Below this line is a set of entries; quote exactly the lines from the line that contains "In-home physiotherapy allows" to the line that contains "The apartment features", both lines included.

Top of DATASET RECORDS

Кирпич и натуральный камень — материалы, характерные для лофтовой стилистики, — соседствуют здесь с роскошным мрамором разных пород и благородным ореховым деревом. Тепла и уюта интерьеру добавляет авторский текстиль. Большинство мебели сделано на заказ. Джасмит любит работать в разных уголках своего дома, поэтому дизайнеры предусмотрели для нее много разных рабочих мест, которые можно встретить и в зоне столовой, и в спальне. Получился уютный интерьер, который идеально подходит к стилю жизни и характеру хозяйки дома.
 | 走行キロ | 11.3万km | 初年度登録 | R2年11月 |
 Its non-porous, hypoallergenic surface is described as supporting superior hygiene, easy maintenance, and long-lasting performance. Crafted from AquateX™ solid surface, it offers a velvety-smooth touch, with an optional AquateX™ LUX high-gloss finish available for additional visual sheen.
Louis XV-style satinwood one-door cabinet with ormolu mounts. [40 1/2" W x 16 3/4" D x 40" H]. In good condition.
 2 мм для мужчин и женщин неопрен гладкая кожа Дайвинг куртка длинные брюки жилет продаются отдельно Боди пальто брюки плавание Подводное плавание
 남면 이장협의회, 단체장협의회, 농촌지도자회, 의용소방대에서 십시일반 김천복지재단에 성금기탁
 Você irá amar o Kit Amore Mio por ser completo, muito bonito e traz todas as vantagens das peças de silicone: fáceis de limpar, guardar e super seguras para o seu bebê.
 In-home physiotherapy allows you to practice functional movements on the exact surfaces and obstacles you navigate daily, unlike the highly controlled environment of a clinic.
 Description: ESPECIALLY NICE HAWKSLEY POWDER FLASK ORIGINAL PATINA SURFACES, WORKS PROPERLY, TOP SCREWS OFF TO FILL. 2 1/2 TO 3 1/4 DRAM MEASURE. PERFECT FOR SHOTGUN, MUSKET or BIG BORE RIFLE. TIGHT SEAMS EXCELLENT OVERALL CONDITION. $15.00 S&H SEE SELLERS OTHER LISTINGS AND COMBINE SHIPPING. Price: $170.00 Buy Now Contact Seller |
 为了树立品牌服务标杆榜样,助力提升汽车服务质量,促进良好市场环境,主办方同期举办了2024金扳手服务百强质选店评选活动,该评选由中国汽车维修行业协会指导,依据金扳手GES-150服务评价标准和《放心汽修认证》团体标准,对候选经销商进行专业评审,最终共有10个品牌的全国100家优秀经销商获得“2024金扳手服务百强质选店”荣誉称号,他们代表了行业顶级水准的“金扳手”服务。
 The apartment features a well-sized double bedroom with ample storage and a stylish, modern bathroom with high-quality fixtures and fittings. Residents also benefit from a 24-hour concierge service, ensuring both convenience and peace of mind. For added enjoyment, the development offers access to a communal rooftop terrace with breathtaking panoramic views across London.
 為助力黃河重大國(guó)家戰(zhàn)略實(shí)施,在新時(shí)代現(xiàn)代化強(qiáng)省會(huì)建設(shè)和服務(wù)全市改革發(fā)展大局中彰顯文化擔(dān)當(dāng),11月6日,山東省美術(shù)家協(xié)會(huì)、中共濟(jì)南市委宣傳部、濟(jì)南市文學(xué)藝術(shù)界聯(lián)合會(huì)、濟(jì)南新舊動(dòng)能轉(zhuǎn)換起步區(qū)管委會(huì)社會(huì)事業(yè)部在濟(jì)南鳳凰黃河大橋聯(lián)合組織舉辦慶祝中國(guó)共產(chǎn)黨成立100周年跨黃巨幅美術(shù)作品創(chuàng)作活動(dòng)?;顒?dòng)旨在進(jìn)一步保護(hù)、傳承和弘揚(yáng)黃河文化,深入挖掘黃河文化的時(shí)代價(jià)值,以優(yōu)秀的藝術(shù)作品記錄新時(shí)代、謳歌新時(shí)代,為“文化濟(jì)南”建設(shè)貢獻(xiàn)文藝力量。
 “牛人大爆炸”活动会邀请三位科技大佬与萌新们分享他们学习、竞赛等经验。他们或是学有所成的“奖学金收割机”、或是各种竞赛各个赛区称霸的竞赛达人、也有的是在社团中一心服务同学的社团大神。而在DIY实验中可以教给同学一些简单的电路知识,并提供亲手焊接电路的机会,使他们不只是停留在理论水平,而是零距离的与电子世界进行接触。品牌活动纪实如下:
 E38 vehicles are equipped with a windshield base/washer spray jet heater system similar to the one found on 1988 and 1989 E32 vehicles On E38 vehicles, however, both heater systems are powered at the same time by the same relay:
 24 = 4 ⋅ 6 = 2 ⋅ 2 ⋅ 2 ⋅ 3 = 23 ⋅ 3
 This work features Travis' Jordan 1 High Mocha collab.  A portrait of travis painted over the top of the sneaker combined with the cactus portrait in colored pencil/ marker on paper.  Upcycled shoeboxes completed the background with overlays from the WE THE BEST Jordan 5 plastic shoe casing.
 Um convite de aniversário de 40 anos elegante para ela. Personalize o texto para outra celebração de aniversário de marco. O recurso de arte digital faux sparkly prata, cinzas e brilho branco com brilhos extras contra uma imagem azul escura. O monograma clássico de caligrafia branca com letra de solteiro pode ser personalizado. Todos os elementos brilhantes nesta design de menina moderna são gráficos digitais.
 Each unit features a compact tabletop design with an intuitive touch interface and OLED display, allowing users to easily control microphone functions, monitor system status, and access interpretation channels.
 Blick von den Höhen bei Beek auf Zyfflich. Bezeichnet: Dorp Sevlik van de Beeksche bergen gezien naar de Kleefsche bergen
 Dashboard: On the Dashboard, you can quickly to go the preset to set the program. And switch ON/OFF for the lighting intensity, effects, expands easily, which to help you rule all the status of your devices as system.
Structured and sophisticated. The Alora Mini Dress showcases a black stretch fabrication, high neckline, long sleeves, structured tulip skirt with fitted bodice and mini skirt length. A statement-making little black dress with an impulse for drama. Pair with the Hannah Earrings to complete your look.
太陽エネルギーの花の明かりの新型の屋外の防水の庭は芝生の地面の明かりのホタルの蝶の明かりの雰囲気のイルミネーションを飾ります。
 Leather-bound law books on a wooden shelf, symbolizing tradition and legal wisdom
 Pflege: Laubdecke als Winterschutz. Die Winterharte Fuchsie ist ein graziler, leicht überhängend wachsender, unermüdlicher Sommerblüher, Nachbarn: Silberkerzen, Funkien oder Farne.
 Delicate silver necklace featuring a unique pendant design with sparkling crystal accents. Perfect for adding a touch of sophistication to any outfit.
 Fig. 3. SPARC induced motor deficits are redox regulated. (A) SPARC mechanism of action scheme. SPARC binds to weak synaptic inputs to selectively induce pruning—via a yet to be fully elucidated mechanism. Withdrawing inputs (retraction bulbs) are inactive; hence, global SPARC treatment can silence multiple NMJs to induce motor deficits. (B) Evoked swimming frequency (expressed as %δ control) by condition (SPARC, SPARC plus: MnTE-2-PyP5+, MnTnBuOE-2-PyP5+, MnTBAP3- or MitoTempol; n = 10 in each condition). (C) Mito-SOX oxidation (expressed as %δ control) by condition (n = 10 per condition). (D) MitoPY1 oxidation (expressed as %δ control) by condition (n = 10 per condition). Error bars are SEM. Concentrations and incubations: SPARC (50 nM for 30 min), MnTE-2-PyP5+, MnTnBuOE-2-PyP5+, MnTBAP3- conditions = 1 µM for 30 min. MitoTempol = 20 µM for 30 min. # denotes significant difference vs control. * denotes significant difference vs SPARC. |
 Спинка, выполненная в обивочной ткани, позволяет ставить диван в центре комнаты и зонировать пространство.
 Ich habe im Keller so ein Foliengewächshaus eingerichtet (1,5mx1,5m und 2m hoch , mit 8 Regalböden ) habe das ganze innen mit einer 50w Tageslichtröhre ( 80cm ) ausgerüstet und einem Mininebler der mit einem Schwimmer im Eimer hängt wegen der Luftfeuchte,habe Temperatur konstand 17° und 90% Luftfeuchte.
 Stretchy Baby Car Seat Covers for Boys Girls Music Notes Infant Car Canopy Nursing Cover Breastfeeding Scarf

Bottom of DATASET RECORDS

(THE COMPLETED TASK):
 In-home physiotherapy allows you to practice functional movements on the exact surfaces and obstacles you navigate daily, unlike the highly controlled environment of a clinic.
 Description: ESPECIALLY NICE HAWKSLEY POWDER FLASK ORIGINAL PATINA SURFACES, WORKS PROPERLY, TOP SCREWS OFF TO FILL. 2 1/2 TO 3 1/4 DRAM MEASURE. PERFECT FOR SHOTGUN, MUSKET or BIG BORE RIFLE. TIGHT SEAMS EXCELLENT OVERALL CONDITION. $15.00 S&H SEE SELLERS OTHER LISTINGS AND COMBINE SHIPPING. Price: $170.00 Buy Now Contact Seller |
 为了树立品牌服务标杆榜样,助力提升汽车服务质量,促进良好市场环境,主办方同期举办了2024金扳手服务百强质选店评选活动,该评选由中国汽车维修行业协会指导,依据金扳手GES-150服务评价标准和《放心汽修认证》团体标准,对候选经销商进行专业评审,最终共有10个品牌的全国100家优秀经销商获得“2024金扳手服务百强质选店”荣誉称号,他们代表了行业顶级水准的“金扳手”服务。
 The apartment features a well-sized double bedroom with ample storage and a stylish, modern bathroom with high-quality fixtures and fittings. Residents also benefit from a 24-hour concierge service, ensuring both convenience and peace of mind. For added enjoyment, the development offers access to a communal rooftop terrace with breathtaking panoramic views across London.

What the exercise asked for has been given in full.